Brother tessellation, found by Ilan Garibi
Tessellation folders like Ilan Garibi and Eric Gjerde talk about how they discover, rather than design, tessellations: the design is and always has been there (or it has been, at least, from the paper's perspective.) It's probably the fastest-growing and most recently developed strand of origami, with only a handful of books published. Garibi's upcoming Tessellations 2 is subtitled 'Origami Tessellations for Everyone', which is characteristic of the tessellation evangelism contemporary origami is bearing witness to. I don't think tessellations are for everyone, but for 'anyone'? Maybe.
Relatedly, there's the field of making curved folds in paper, stemming from the work of Dave Huffman (pictured) and recently popularised in Jan Mituni's Curved-Folding Origami Design. These techniques have been adapted into spectacular single-sheet tessellations by artists like Ekaterina Lukasheva, who is dually remarkable as a master of the modular Kusudama.
A curve-folded tessellation by Ekaterina Lukasheva
Modular Origami
This is the stuff you see strung between the escalators in John Lewis at Christmas, naively beautiful and reflecting shop lights at delicately varied heights, and inspiring terror at the vast emptiness beneath.
Malachite variations, by Ekaterina Lukasheva
It involves cutting up squares of paper into slightly smaller squares, and folding usually 30 units, which you then reconstruct in some variation on a Platonic solid, (or a combination of them.)
David Mitchell is responsible for superb, endlessly varied designs with names like Electra — which speaks straight to the heart of the 1970s boom— Sappho and Thingumy.
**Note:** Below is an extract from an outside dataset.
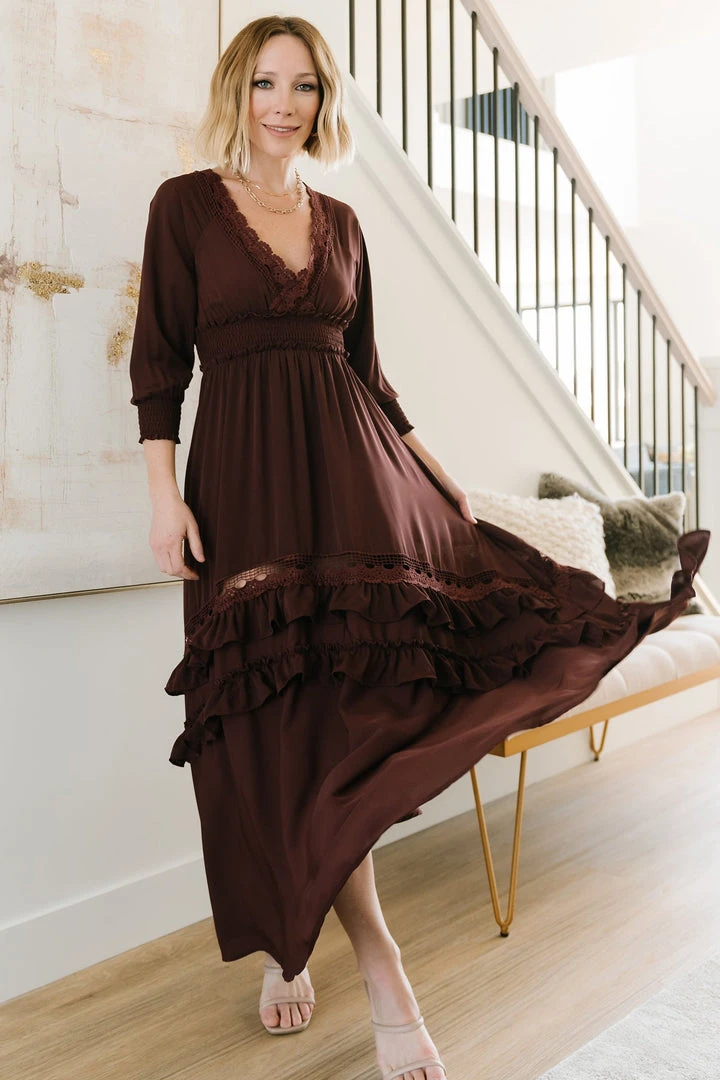 BB Custom Pippa Ruffle Maxi Dress | Raisin

Tomoko Fuse's Unit Origami has, since the 1990s, been the book that gets in the crowds. It's really the only origami you can do while paying attention to something else: English language TV, a concert broadcast, a radio play. But putting together the pieces can be maddening and it's easy to loose track of time while you hold together an increasingly unstable, quivering dome of paper. When they're finished though? All the mess and tension dissipates. It’s a secret memory between you and the paper ball.